How to Take a Timeout
- Recognize your need for a time-out. Are your fists clenched? Is your face red? Are you breathing fast? Are the tears streaming down your face? Do you feel like screaming or throwing something? Are you afraid of your partner’s intensity? Do you feel emotionally closed off? What physical and emotional reactions indicate you need a time-out? Learn to recognize the signs that things have become too intense to have a productive interaction with your partner.
- Request the time-out. Call a time-out for yourself by saying something like, “I’m just too angry to talk right now; I need to take a time-out. Please give me an hour to calm down and gather my thoughts.” Remember to call the time-out for yourself. It is seldom helpful to tell the other person “You need a time-out!” Suggest a time when you think you’ll be ready to resume.
- Relax and calm down. Take some deep breaths. Go for a jog or a walk. Take a bath. Write in your journal. Read, pray, or listen to music for a while. Do something that will help you relax and recover from the emotional intensity.

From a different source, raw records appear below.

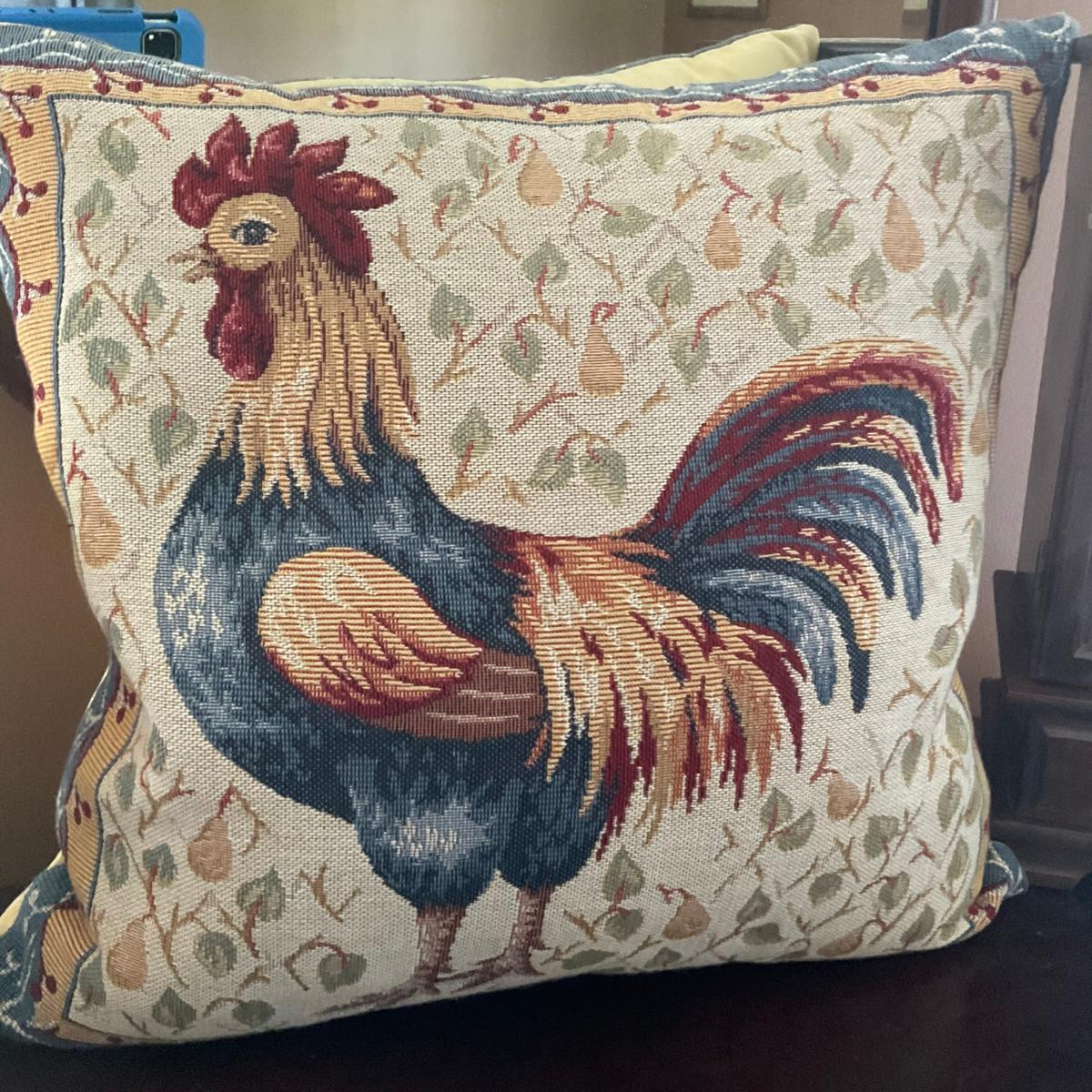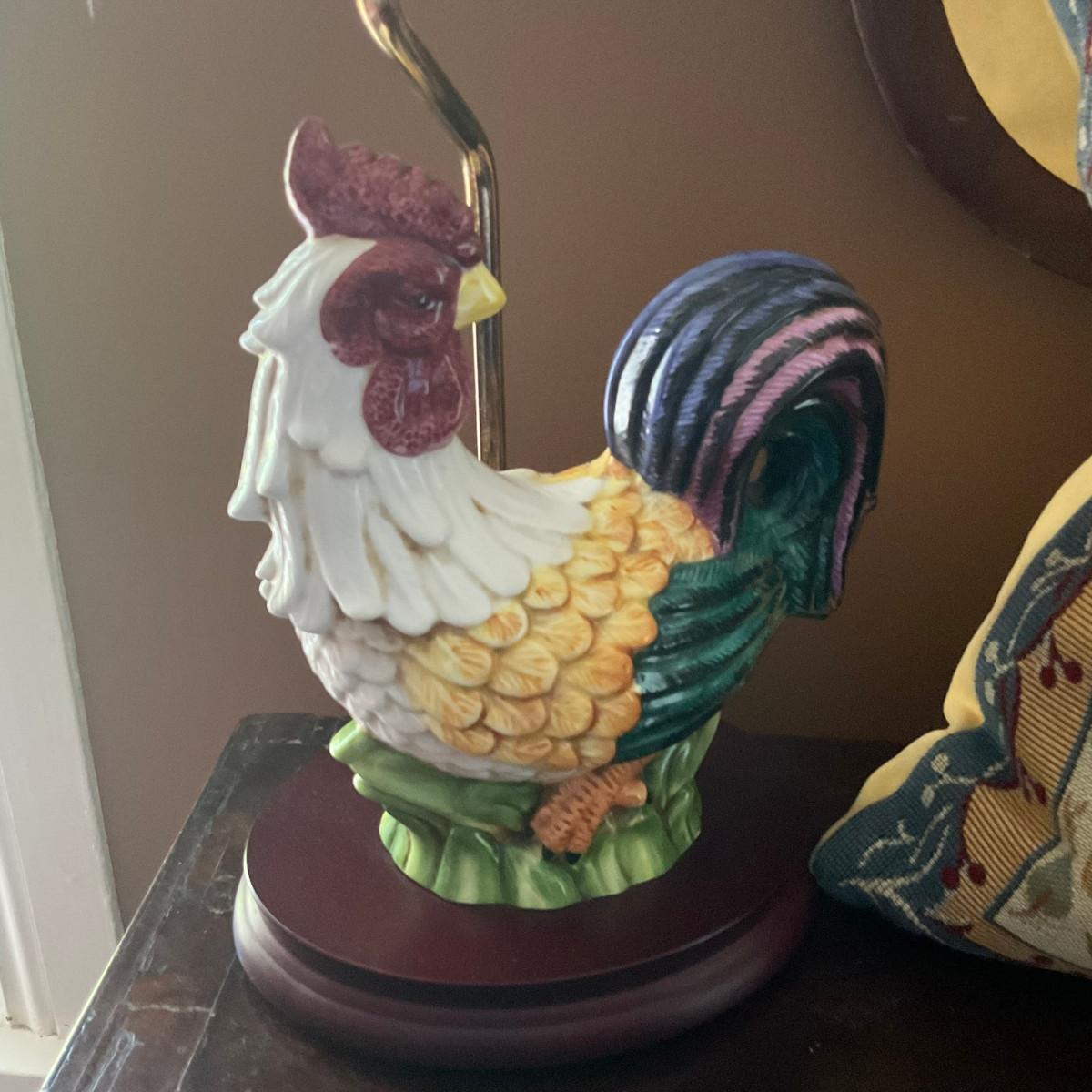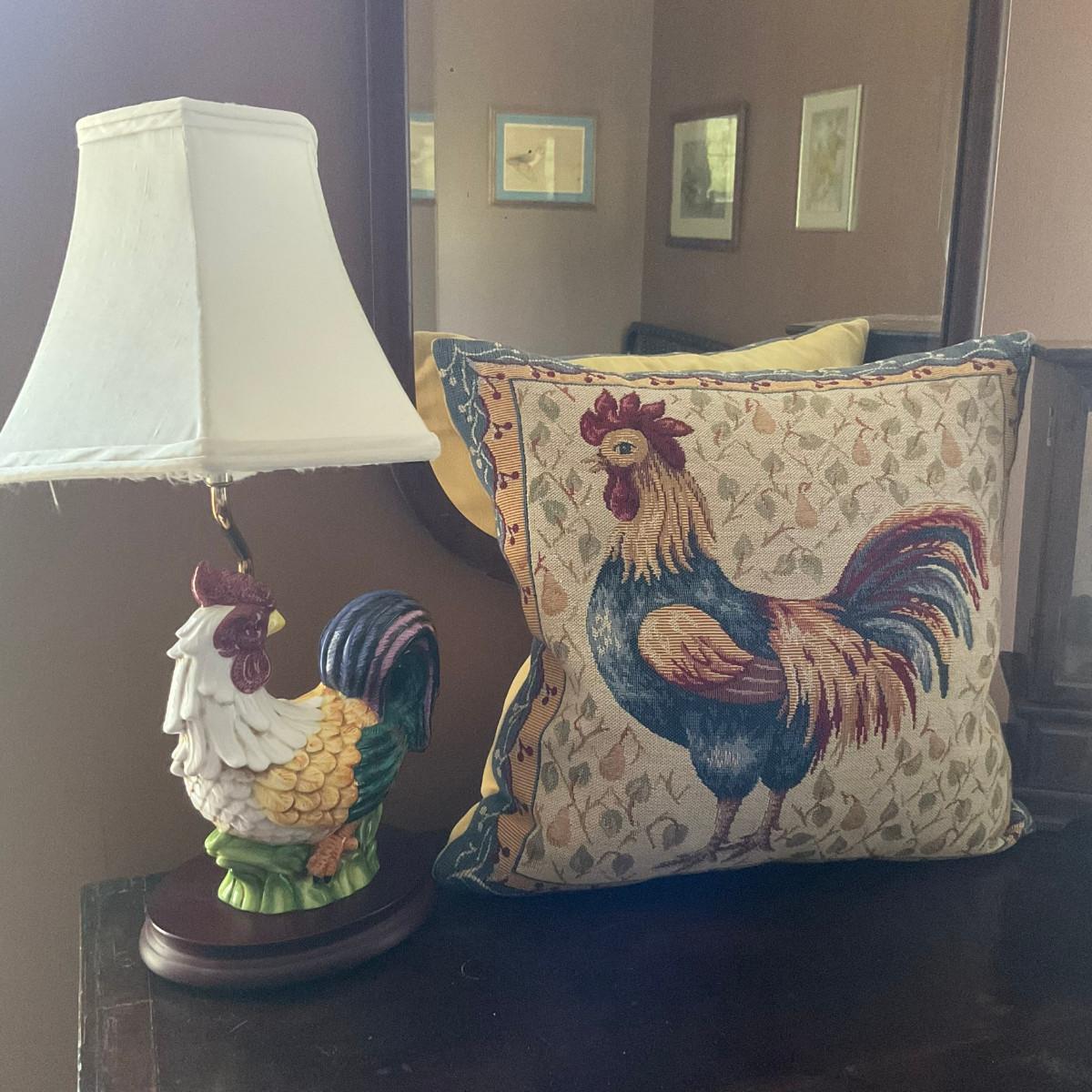 C221 Ceramic Rooster Lamp & Tapestry Down Pillow
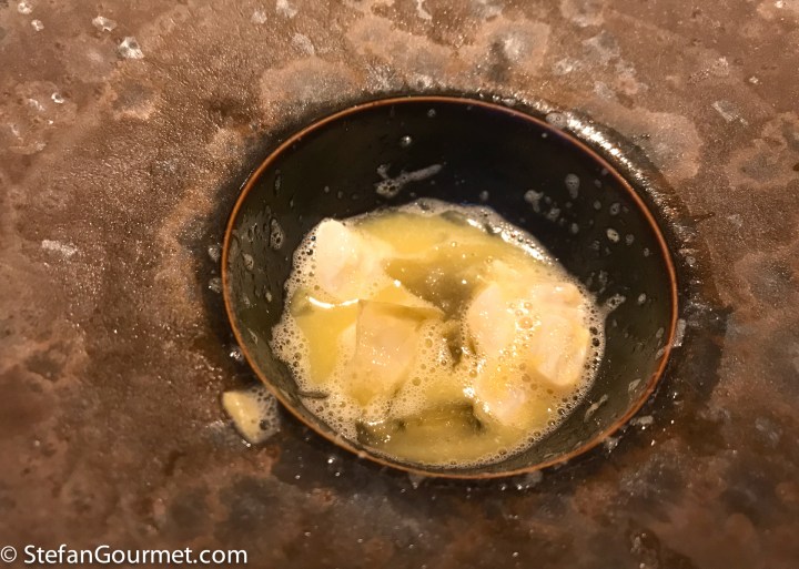 The fifth course came also in two parts: this is the heart of the pigeon (squab) with ‘potatoes’…
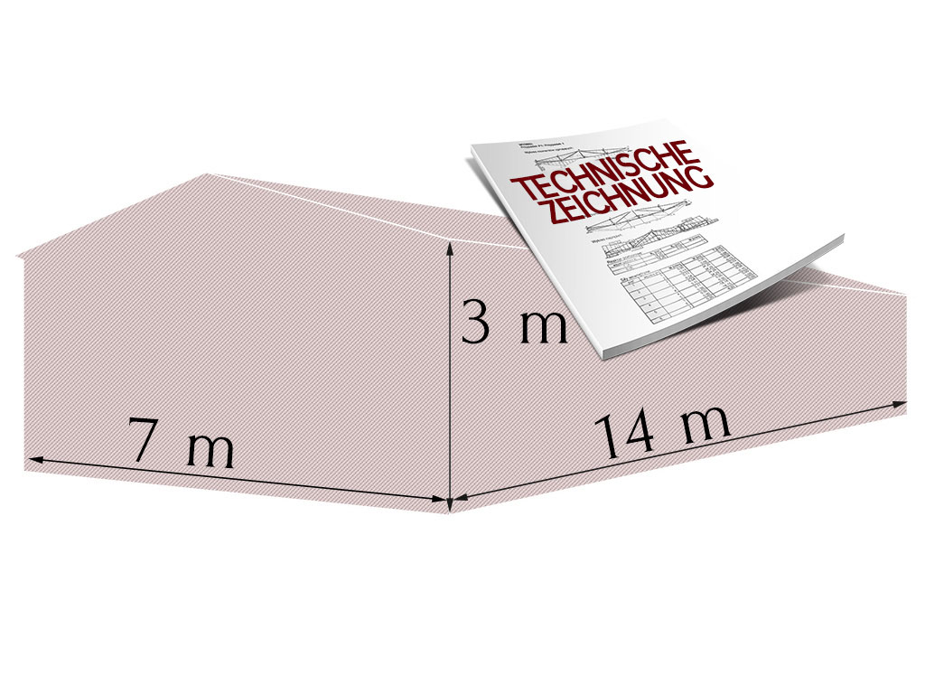 - Satteldach-Spitzdach: aus Trapezblech verzinkt beidseitig 0,45 mm
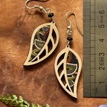 Les boucles mesurent environ 6 cm de hauteur et sont très légères, environ 1,2 g.  Les crochets sont hypoallergéniques en acier inoxydable. Bien que le bois soit vitrifié, les bijoux doivent être protégés de tout contact avec de l’eau.
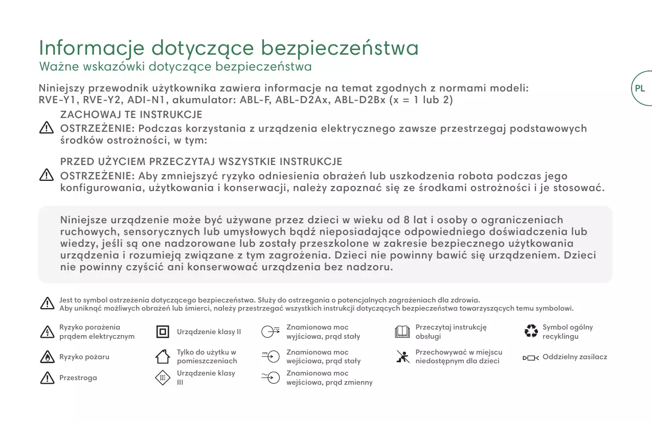 ull firmly on the wheel to remove it from P its housing (see illustration below). Remove any debris from inside the wheel cavity. FR Ce guide du propriétaire comprend des renseignements sur les modèles de réglementation : RVE-Y1, RVE-Y2, ADI-N1, Batterie : ABL-F, ABL-D2Ax, ABL-D2Bx (x = 1 or 2) CONSERVER CES INSTRUCTIONS AVERTISSEMENT : lorsque vous utilisez un appareil électrique, vous devez respecter certaines précautions de base, notamment : LISEZ TOUTES LES INSTRUCTIONS AVERTISSEMENT: pour éviter tout risque de blessure ou de dommage, lisez et respectez les consignes de sécurité suivantes lors de la configuration, de l’utilisation et de l’entretien de votre robot. Cet appareil peut être utilisé par des enfants âgés de 8 ans et plus, et par des personnes ayant des capacités physiques, sensorielles ou mentales réduites, ou un manque d’expérience et de connaissances, si des conseils ou instructions leur ont été donnés concernant l’utilisation en toute sécurité de l’appareil et les dangers impliqués. Les enfants ne doivent pas jouer avec l’appareil. Le nettoyage et l’entretien par l’utilisateur ne doivent pas être effectués par des enfants sans surveillance. Voici le symbole d’alerte de sécurité. Il est utilisé pour vous informer d’éventuels risques de blessure. Respectez tous les messages de sécurité qui suivent ce symbole afin d’éviter tout risque de blessure ou de mort. Risque d’électrocution
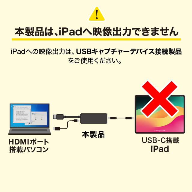 ※本製品はUSBキャプチャーデバイスではございませんので、iPadへの映像出力には対応しておりません。

- Remember what’s important. Try to identify what you were thinking and feeling that became so difficult to discuss. Think about one clear and simple message you could tell your partner that describes what you were thinking or how you were feeling. Figure out what you need from him/her during this conversation. Consider your partner’s point of view and what they are feeling. Remember the two of you are a team, and the only way your relationship will “win” is if you work toward a solution that both individuals feel good about.
- Resume the conversation. Bring in the skills of Assertiveness and Active Listening and/or the Ten Steps for Conflict Resolution. These structured skills can help contain the intensity as you attempt to resolve a conflict. Honor your commitment to return to the issue when you are ready to have a more productive conversation, and return with a humble heart.
Olson, David H. (2008). Prepare/Enrich program. Life Innovations.
Points to Ponder
- Am I good at being self-aware and calling for a timeout?
- Am I good at respecting my partner’s call for a timeout?